==== DATA RECORDS
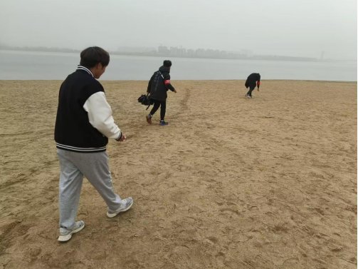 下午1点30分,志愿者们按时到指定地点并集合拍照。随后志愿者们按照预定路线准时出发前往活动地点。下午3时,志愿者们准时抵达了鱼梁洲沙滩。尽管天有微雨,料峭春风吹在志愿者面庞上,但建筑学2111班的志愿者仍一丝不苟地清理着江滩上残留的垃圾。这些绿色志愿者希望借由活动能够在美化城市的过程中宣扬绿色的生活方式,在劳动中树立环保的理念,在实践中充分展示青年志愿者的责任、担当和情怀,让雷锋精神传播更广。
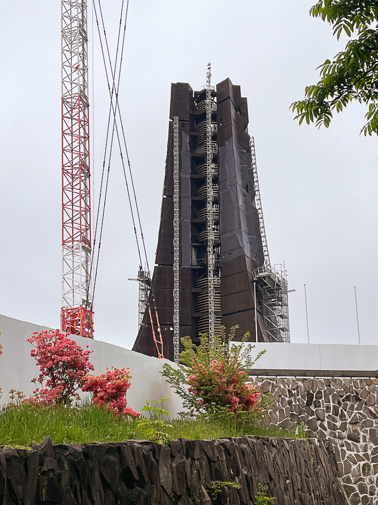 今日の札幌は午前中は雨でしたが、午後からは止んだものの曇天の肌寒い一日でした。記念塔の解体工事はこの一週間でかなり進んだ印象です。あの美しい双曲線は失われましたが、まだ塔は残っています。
========
==== DATA RECORDS
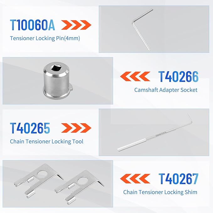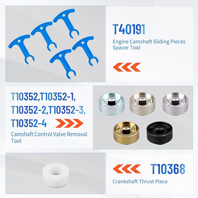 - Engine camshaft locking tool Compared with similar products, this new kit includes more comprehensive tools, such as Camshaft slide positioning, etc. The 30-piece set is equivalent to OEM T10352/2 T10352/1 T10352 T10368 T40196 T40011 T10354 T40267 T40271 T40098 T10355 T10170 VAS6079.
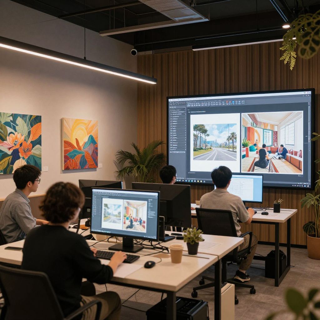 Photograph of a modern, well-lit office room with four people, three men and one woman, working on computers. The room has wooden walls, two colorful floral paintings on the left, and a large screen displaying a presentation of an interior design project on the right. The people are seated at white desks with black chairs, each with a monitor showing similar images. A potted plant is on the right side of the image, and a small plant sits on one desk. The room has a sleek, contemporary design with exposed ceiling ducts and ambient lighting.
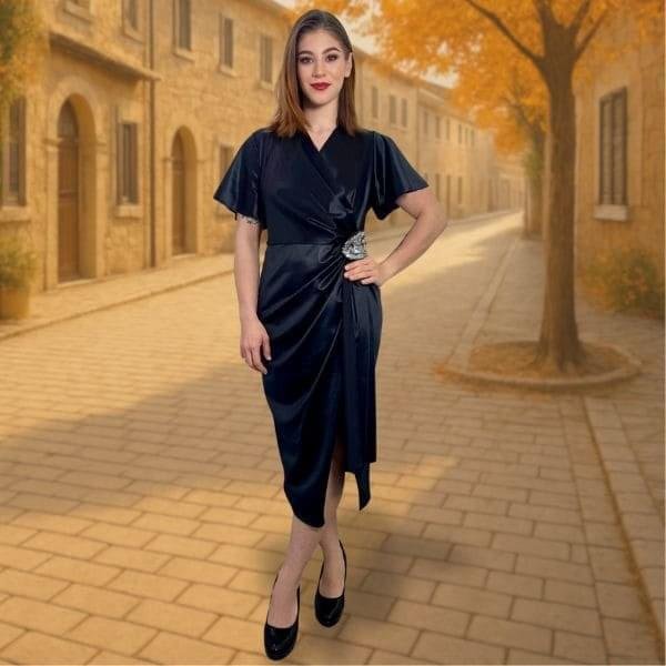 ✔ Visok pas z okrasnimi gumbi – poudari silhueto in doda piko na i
========
> **WHAT THE TASK ASKS**
Reproduce, word for word, only the lines in the records above from the line with "下午1点30分,志愿者们按时" through the line with "今日の札幌は午前中は雨でした", including both ends; omit the pictures.

> **YOUR SOLUTION**
 下午1点30分,志愿者们按时到指定地点并集合拍照。随后志愿者们按照预定路线准时出发前往活动地点。下午3时,志愿者们准时抵达了鱼梁洲沙滩。尽管天有微雨,料峭春风吹在志愿者面庞上,但建筑学2111班的志愿者仍一丝不苟地清理着江滩上残留的垃圾。这些绿色志愿者希望借由活动能够在美化城市的过程中宣扬绿色的生活方式,在劳动中树立环保的理念,在实践中充分展示青年志愿者的责任、担当和情怀,让雷锋精神传播更广。
 今日の札幌は午前中は雨でしたが、午後からは止んだものの曇天の肌寒い一日でした。記念塔の解体工事はこの一週間でかなり進んだ印象です。あの美しい双曲線は失われましたが、まだ塔は残っています。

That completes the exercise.